[Given data Boundary: Start]

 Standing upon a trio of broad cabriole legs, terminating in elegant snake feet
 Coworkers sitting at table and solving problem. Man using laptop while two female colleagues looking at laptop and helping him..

[Given data Boundary: End]
[Given data Boundary: Start]

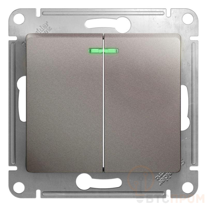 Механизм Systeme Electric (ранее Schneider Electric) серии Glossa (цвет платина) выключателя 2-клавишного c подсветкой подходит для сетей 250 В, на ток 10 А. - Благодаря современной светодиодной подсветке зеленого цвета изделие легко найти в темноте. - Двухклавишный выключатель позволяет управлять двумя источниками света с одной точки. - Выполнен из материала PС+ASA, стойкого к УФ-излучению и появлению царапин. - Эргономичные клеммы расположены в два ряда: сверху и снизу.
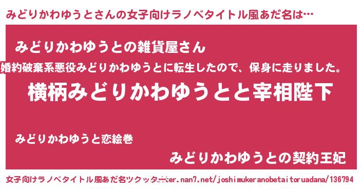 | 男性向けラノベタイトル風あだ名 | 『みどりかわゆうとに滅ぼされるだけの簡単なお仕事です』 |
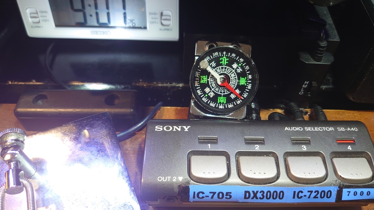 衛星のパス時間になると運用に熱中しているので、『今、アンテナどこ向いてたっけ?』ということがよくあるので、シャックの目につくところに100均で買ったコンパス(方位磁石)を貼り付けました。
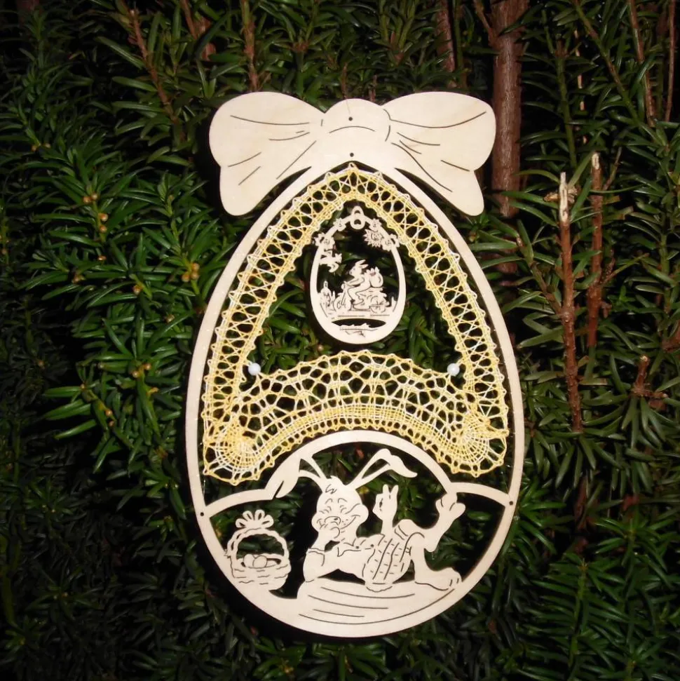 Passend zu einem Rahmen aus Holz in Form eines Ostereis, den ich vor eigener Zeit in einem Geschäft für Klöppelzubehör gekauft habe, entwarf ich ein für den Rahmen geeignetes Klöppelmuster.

[Given data Boundary: End]
[Given data Boundary: Start]

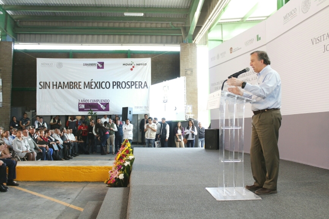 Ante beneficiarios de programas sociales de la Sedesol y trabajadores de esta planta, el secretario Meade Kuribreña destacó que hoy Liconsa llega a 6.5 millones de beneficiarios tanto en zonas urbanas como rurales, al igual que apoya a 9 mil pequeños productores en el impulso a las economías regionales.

[Given data Boundary: End]

> _Directions_:
Please give back exactly the lines of the listing above that run from the one containing "Standing upon a" through the one containing "Coworkers sitting at", and only those.

> _Answer to the exercise_:
 Standing upon a trio of broad cabriole legs, terminating in elegant snake feet
 Coworkers sitting at table and solving problem. Man using laptop while two female colleagues looking at laptop and helping him..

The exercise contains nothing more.